Advanced RAG 08：使用 Self-RAG 打造高质量、可追溯的 RAG System

编者按： RAG 技术通过检索并利用外部知识源，能够较为有效地提升生成内容的准确性和多样性。然而，经典 RAG 流程也存在一些不足，例如不必要的检索会浪费计算资源，并可能引入无关内容或错误信息，影响生成质量。
本文介绍了 Self-RAG 这一技术，通过引入 Reflection Tokens，语言模型能够根据具体需求动态决定是否检索外部知识，从而大大减少了不必要的检索操作。与此同时，Self-RAG 通过特殊的训练流程，使生成的内容不仅通顺自然，与事实知识相符，甚至还可以追溯知识源。
当然，Self-RAG技术训练过程相对复杂，在生成阶段也融入了诸多特殊机制，在一定程度上增加了推理成本。
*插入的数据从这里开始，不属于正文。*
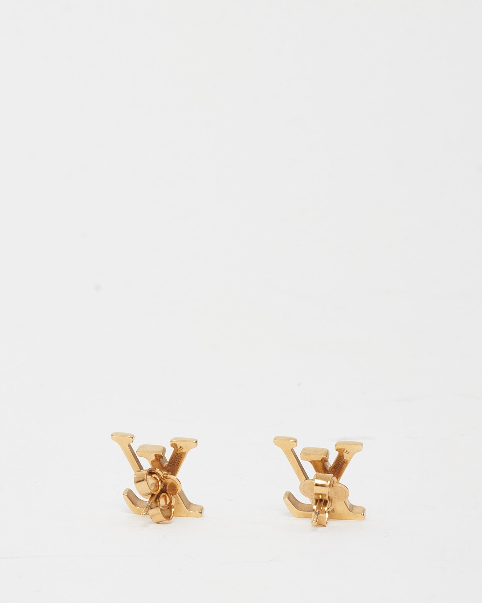 Make an effortless statement with these pre-loved authentic Louis Vuitton Gold Metal LV Logo Iconic Earrings. Crafted from polished gold-tone metal, this bold pair showcases the instantly recognizable LV initials in a sleek, sculptural design. Lightweight yet impactful, they offer a refined way to incorporate iconic branding into your everyday wardrobe. Whether styled with casual denim or evening ensembles, these earrings bring a touch of Parisian luxury and timeless elegance to any look.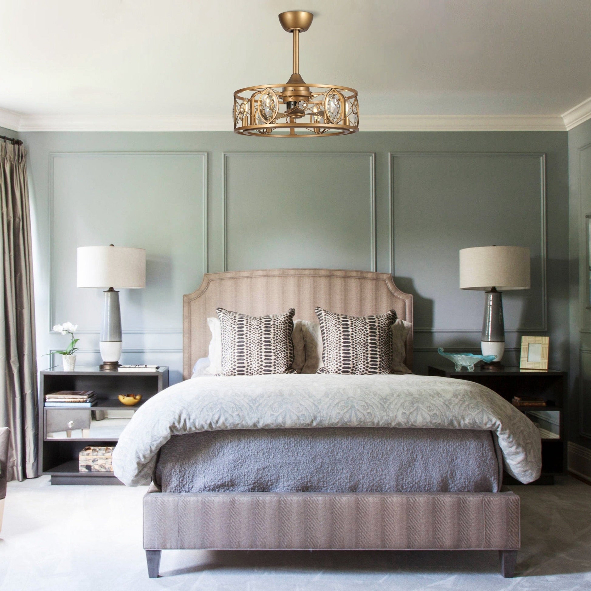 22 Modern Crystal Caged Ceiling Fan Chandelier with Remote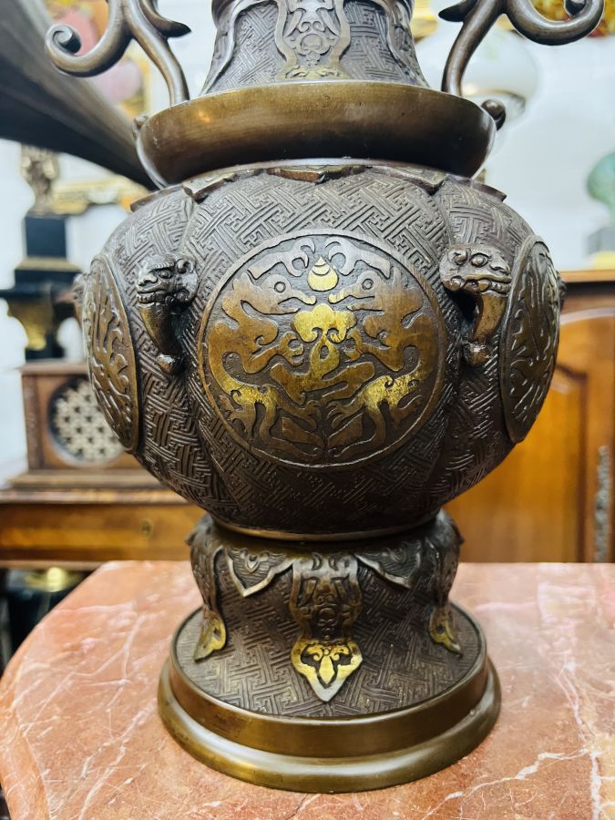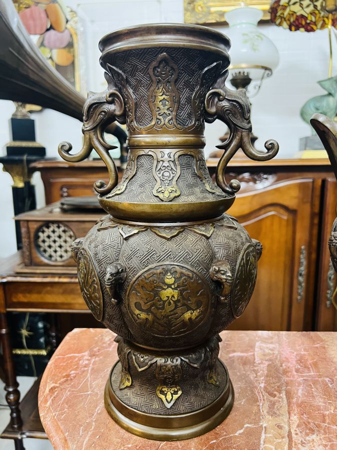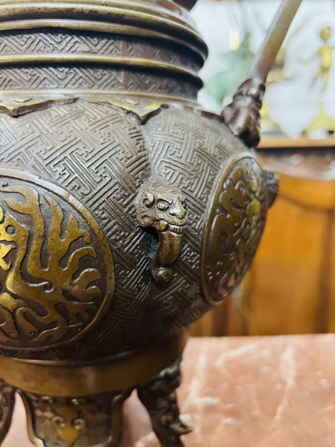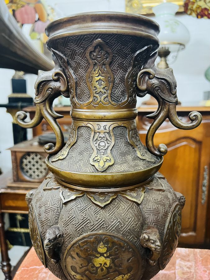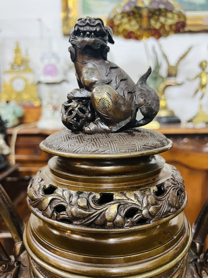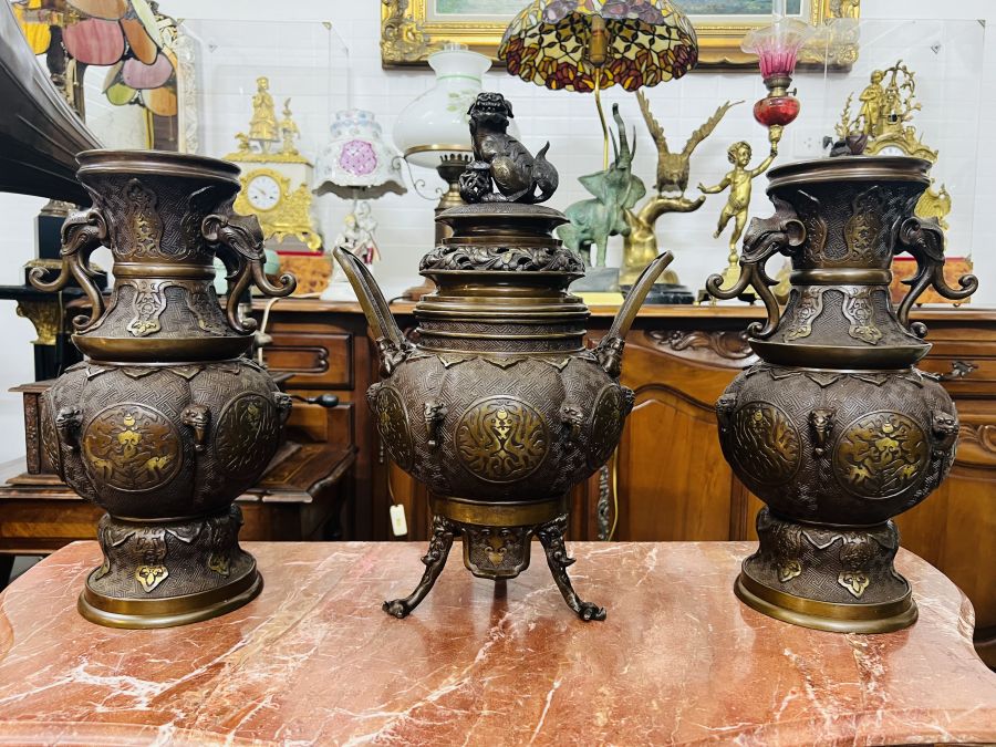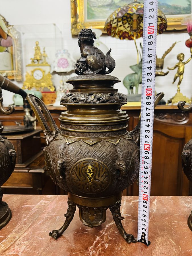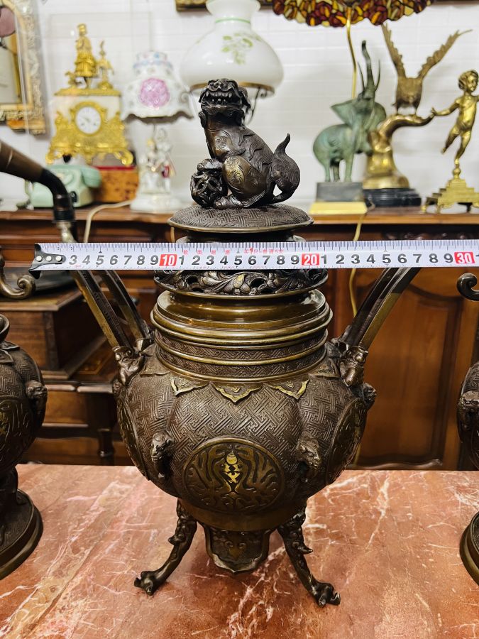 Bộ set 3 đỉnh đồng đúc rất đáng để sưu tầmHàng cũ xuất Châu Âu, đúc tinh xảoĐỉnh cao : 42cm,bình 36cm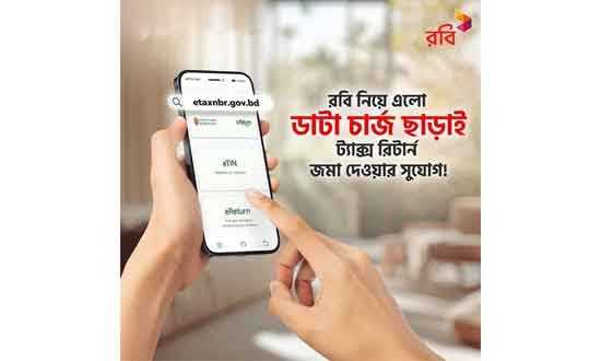 রবি আজিয়াটা পিএলসি গ্রাহকদের জন্য জাতীয় রাজস্ব বোর্ডের (এনবিআর) ই-রিটার্ন দাখিলের ওয়েবসাইট www.etaxnbr.gov.bd বিনা ডেটা খরচে ব্যবহারের সুযোগ চালু করেছে। অনলাইনে আয়কর রিটার্ন দাখিলের প্রক্রিয়াকে আরও সহজ ও সুবিধাজনক করতে রবির এই বিশেষ উদ্যোগ নেওয়া হয়েছে। এর ফলে ই-রিটার্ন জমা দেওয়ার সময় রবি গ্রাহকদেও আর মোবাইল ডেটা ফুরিয়ে যাওয়ার চিন্তা করতে হবে না। বিশেষ এই সুবিধা ই-রিটার্ন দাখিলের নির্ধারিত সময়সীমা পর্যন্ত কার্যকর থাকবে।

不过，本文作者也提出了优化 Self-RAG 的一些建议，如简化 Reflection Tokens 设计、探索不同模型大小的影响等，指明了一些技术发展方向。

作者 | Florian June

编译 | 岳扬

本文从一个常见的生活场景入手：参加开卷考试。我们通常会采用以下两种作答策略：

方法一： 对于熟悉的题目，直接快速作答；对于不熟悉的题目，快速翻阅参考书，找到相关部分，在脑海中整理分类和总结后，再在试卷上作答。
方法二： 每一个题目都需要参考书本进行解答。先找到相关部分，在脑海中进行整合和总结后，再到试卷上书写答案。

显然，方法一更受考生青睐，是首选方法。方法二不仅耗时，还有可能引入无关的或错误的信息，导致出现混淆和错误，甚至在考生原本擅长的领域也不例外。
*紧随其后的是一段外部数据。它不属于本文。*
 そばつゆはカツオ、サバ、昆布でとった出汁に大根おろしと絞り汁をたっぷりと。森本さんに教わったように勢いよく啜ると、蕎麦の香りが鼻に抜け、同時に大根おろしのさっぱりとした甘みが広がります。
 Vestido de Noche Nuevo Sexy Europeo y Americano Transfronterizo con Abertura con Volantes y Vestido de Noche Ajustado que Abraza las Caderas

然而，方法二是经典的 RAG （检索-\>整合-\>生成）流程 [1]，而方法一则代表 Self-RAG 流程[2]，本文将进一步探讨这个问题。

01 Overview

图 1 将 RAG 和 Self-RAG[2] 的主要流程进行了比较：

图 1：Overview of Self-RAG 。Self-RAG（右）的主要功能为检索（retrieve）、评判（critique）和生成（generate），使生成的文本内容不仅通顺流畅，而且与事实知识相符，并且可以追溯到原始知识源。资料来源：https://arxiv.org/pdf/2310.11511.pdf

Self-RAG 主要由三大步骤组成：

按需检索（Retrieval as Needed） ：当模型需要检索信息时，例如查询"美国各州的名字是怎么来的？"(图 1 右上方）时，模型输出中会包含一个 [Retrieve] token，表示需要检索与 Query 相关的内容。相反，当被要求写 "写一篇主题为 '记忆中深刻的暑假' 的文章"（图 1 右下方）时，模型会选择直接生成答案，无需进行检索。
以并行方式生成内容（Parallel Generation） ：模型会同时使用提示词（prompt）和检索到的内容来生成模型输出。在整个过程中，有三种 reflection tokens （译者注：用于指示模型在生成过程中应该执行哪些操作、效果如何的token，比如前文的 [Retrieve]。）会显示检索内容的相关性如何。
内容的评估和选择：对步骤 2 中生成的内容进行评估，并选择最佳文档段落作为输出。

请注意，上述模型是经过特殊训练的，其训练过程将在本文后续部分进行讨论。

02 Reflection Tokens 的介绍

如图 2 所示，与 RAG 相比，self-RAG 框架的不同之处在于它在生成过程中使用了 reflection tokens 进行更精确的控制。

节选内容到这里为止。